To celebrate Black History Month, we’ve taken a closer look at how African designs and textiles have had a major influence on interior decor over the years, calling out a few of our favourites:
Rattan isn’t just for garden furniture anymore - it’s having a moment. This versatile, and durable material is one of our personal favourites. We love the Malawi Chair - a style of furniture originating from (you guessed it) Malawi. Made of just rattan strips, these pieces are hand woven into patterns. Interestingly, not a speck of glue is used in the making. They’re held in place with intricate knots. Finish off with your fave boho cushion for a statement piece in any room.

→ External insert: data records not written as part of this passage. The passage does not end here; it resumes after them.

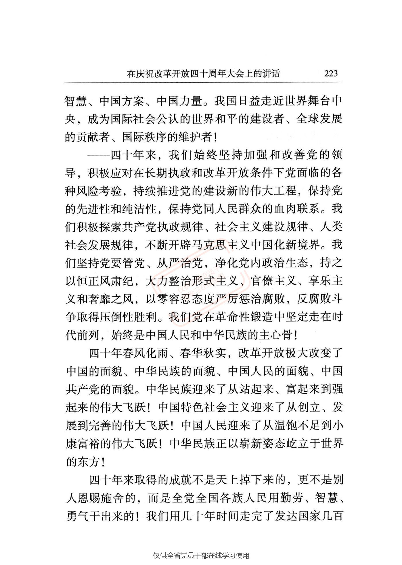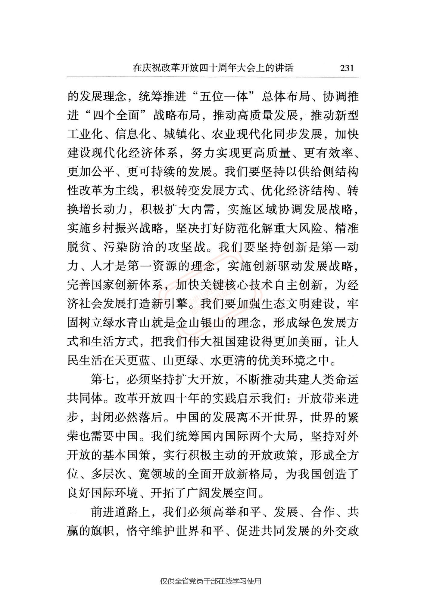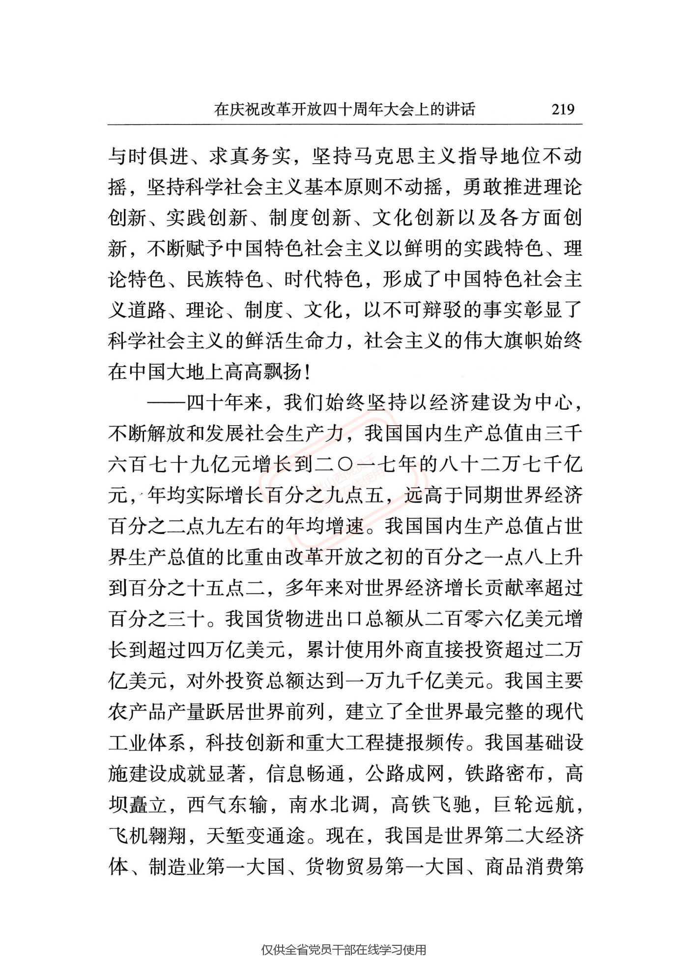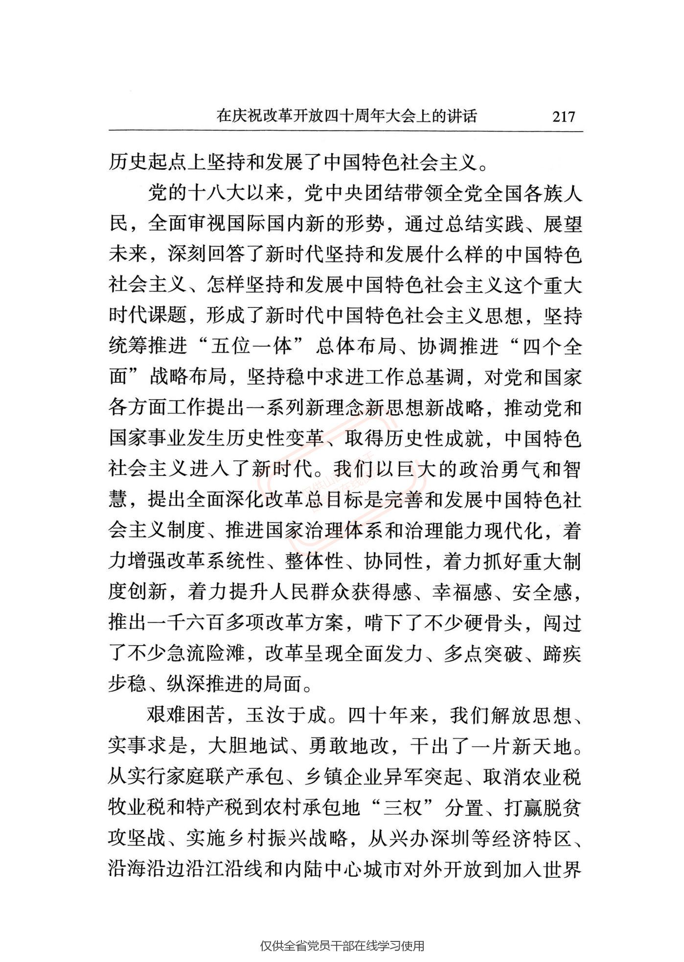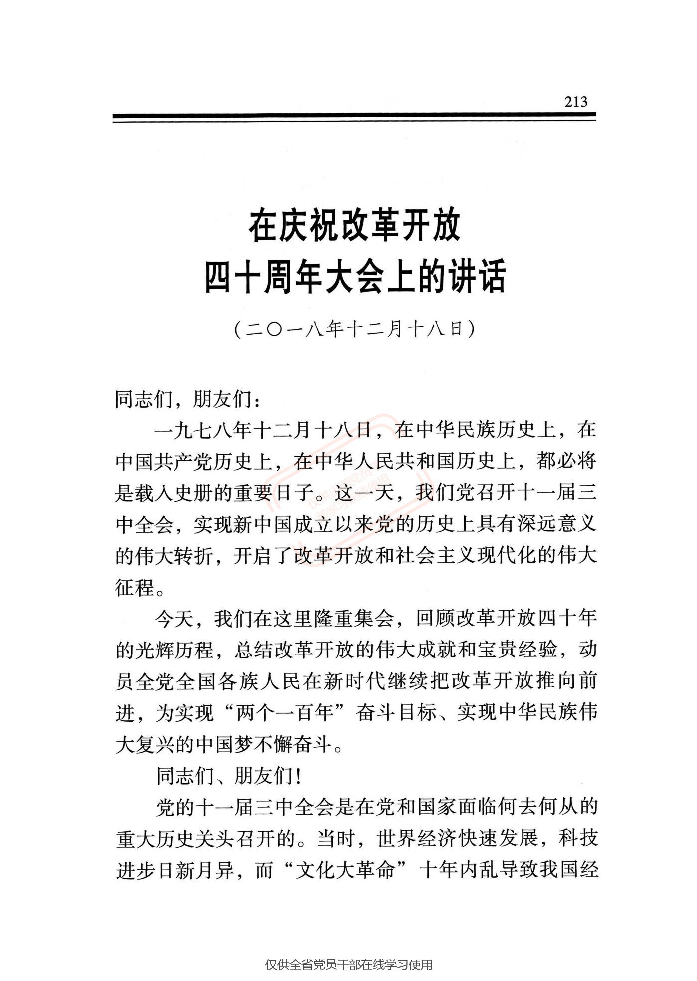 《在庆祝改革开放四十周年大会上的讲话》是2018年12月18日习近平同志的讲话。讲话深刻总结了改革开放四十年来党和国家事业取得的伟大成就和宝贵经验,高度赞扬了中国人民为改革开放事业作出的杰出贡献,郑重宣示了改革开放只有进行时没有完成时、改革开放永远在路上、坚定不移将改革开放进行到底的信心和决心,明确提出了坚定不移全面深化改革、扩大对外开放、不断把新时代改革开放继续推向前进的目标要求。指出:改革开放是我们党的一次伟大觉醒,正是这个伟大觉醒孕育了我们党从理论到实践的伟大创造。改革开放是中国人民和中华民族发展史上一次伟大革命,正是这个伟大革命推动了中国特色社会主义事业的伟大飞跃!改革开放四十年积累的宝贵经验是党和人民弥足珍贵的精神财富,对新时代坚持和发展中国特色社会主义有着极为重要的指导意义,必须倍加珍惜、长期坚持,在实践中不断丰富和发展。
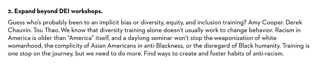 They then specifically target white women and Asian Americans saying, “Racism in America is older than ‘America’ itself, and a daylong seminar won’t stop the weaponization of white womanhood, the complicity of Asian Americans in anti-Blackness, or the disregard of Black humanity.”
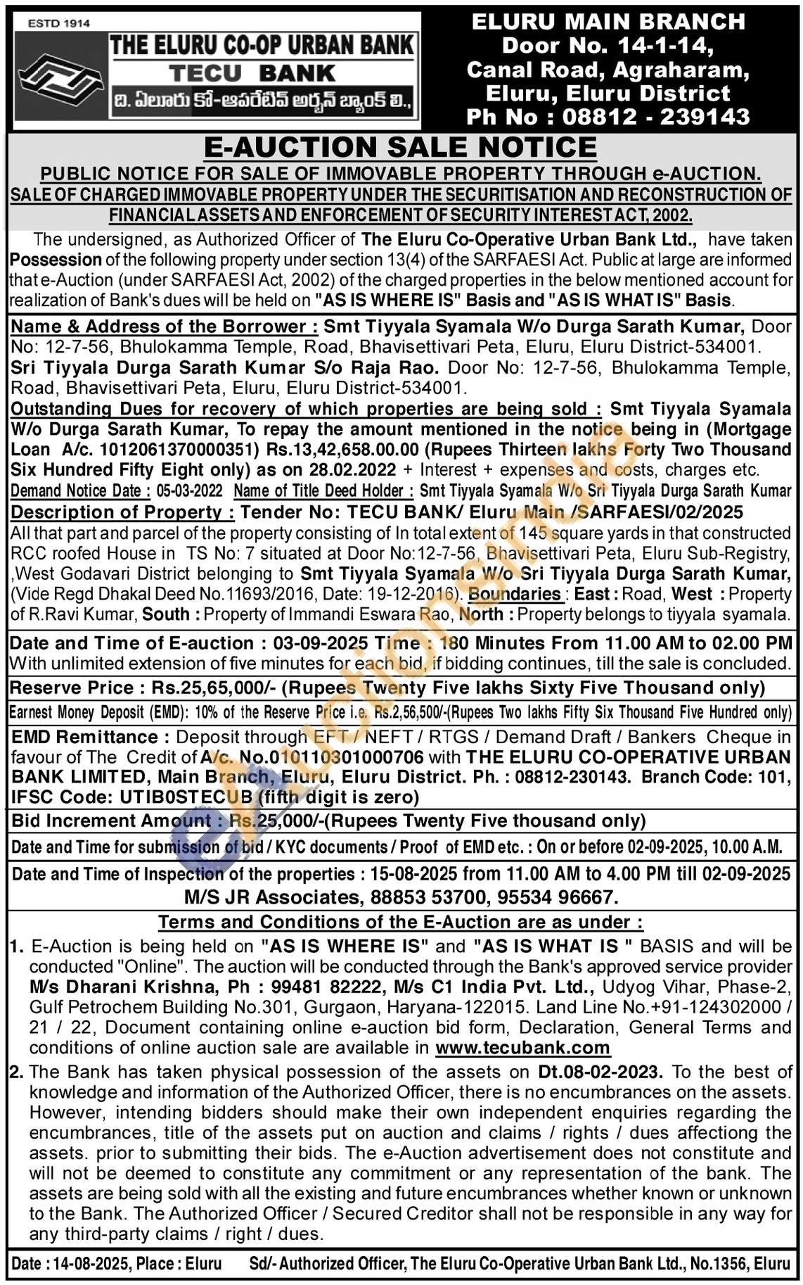 Tender No: TECU BANK/ Eluru Main /SARFAESI/02/2025 All that part and parcel of the property consisting of In total extent of 145 square yards in that constructed RCC roofed House in TS No: 7 situated at Door No: 12-7-56, Bhavisettivari Peta, Eluru Sub-Registry, West Godavari District belonging to Smt Tiyyala Syamala W/o Sri Tiyyala Durga Sarath Kumar, (Vide Regd Dhakal Deed No. 11693/2016, Date: 19-12-2016). Boundaries: East: Road, West: Property of R.Ravi Kumar, South: Property of Immandi Eswara Rao, North: Property belongs to tiyyala syamala.

While baskets have been more associated with the Scandi bohemian style recently, the trend of handwoven baskets originates from Africa. In countries like Kenya and Ghana, weaving baskets by a hand is a centuries-old craft. For hundreds of years, folk have been using natural fibres to create baskets in all shapes and sizes to store and transport goods for trading.

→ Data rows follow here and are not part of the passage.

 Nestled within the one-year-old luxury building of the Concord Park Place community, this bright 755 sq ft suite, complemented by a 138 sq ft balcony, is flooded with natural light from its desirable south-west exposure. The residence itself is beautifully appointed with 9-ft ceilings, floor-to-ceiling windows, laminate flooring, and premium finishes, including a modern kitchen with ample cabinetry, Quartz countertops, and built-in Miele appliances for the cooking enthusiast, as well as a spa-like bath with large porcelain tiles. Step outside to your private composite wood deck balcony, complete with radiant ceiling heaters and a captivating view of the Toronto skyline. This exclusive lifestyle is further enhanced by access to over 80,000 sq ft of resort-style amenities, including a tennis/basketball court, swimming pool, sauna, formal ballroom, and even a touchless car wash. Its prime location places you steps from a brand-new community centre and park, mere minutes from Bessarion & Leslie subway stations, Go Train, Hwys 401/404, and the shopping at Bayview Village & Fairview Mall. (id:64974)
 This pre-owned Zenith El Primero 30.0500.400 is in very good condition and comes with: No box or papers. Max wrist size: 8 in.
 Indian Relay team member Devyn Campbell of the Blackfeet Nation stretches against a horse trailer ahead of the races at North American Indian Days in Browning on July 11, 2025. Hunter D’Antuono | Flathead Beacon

In present day Africa, local women continue honing his craft that has been passed down to them by their ancestors, with many now working in female cooperatives dedicated to basket making.
If you’ve ever owned Egyptian cotton bed linen, you’ll know that there’s really no going back. Known for its premium feel and quality, Egyptian cotton is made up of finer yarns which means a higher thread count that feels softer and more luxurious. The weave of the fabric is also a lot stronger than regular cotton, making it last longer. It’s a little pricier, but totally worth investing in for that sumptuous hotel-quality sleep.

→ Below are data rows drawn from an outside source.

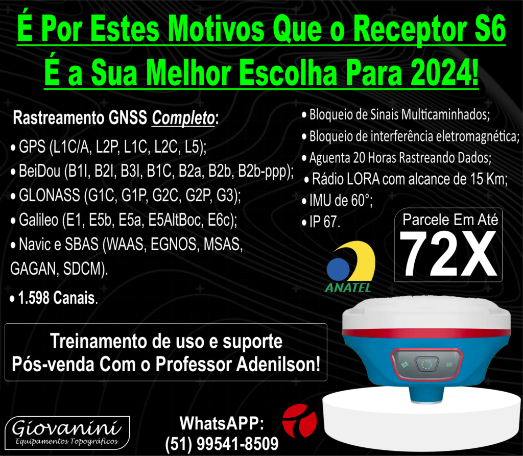 – Opção 3: valor das parcelas do kit RTK S6 + T30 laser + coletora de dados R60 + acessórios no parcelamento em 60 vezes sem juros: 6 parcelas de R$ 2.164,33 reais + 54 parcelas de R$ 1.340,35 reais.
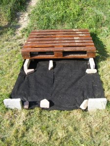 A kuckó alá dobogót építettem. Ez volt a nagyobb meló. Ha még egyszer kezdeném, tuti nem festenék le két raklapot. Nem is tudom, hogy hogyan csinálják, akik raklapból készítenek bútorokat. Meglehetősen macerás a festésük: az a sok él, meg belsőoldal… A két raklapra méretre vágott OSB lapot fektettem, amit szintén lefestettem és az aljára kátránypapírt tűztem, hogy tartósabb legyen, ne rohadjon alulról.
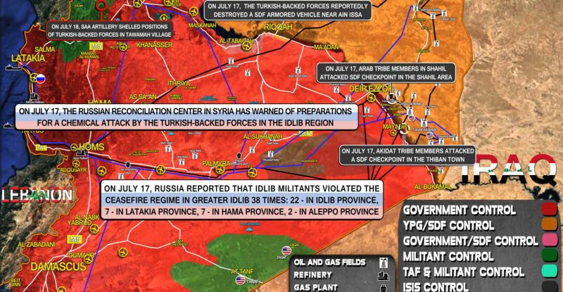 On July 17, Russia reported that Idlib militants violated the ceasefire regime in Greater Idlib 38 times: 22 – in…
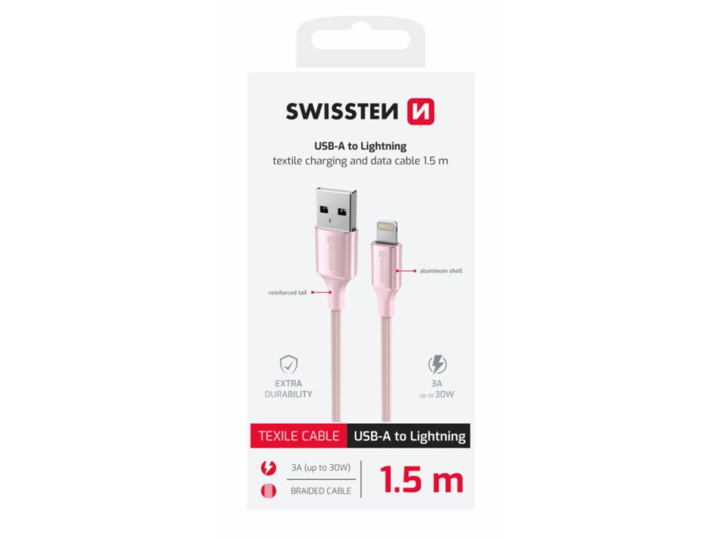 Swissten Dátový Kábel Textile II je štýlový a kvalitný dátový kábel, ktorý slúži na pripojenie zariadení s Lightning konektorom, ako sú iPhone, iPad alebo iPod, k USB portu na nabíjanie a prenos dát. Tento kábel je navrhnutý tak, aby vydržal dlhodobé používanie a vďaka textilnému povrchu je odolný voči mechanickému poškodeniu a zamotaniu.

Traditionally handwoven and repeatedly dipped in dye to achieve a rich colour, mud cloth is native to Mali, Ghana and Senegal. We love the tactile quality of mud cloth, often used for throws and cushions. It’s often found in a range of original prints and patterns, with earthy colours mixed in with blues, blacks and whites.
Hailing from the Central African region, Kuba cloth is handwoven (spot a trend here?) using raffia palm leaves. These leaves are given a rich colour using dyes made of vegetables. Traditionally used as sleeping mats or clothing, Kuba cloth has now become trendy in the home decor world. You’ll find it in the form of wall hangings, cushions and rugs. We love that it’s a completely bio-organic material, and you’ll usually find it sourced from fair-trade cooperatives and sold at small, independent stores.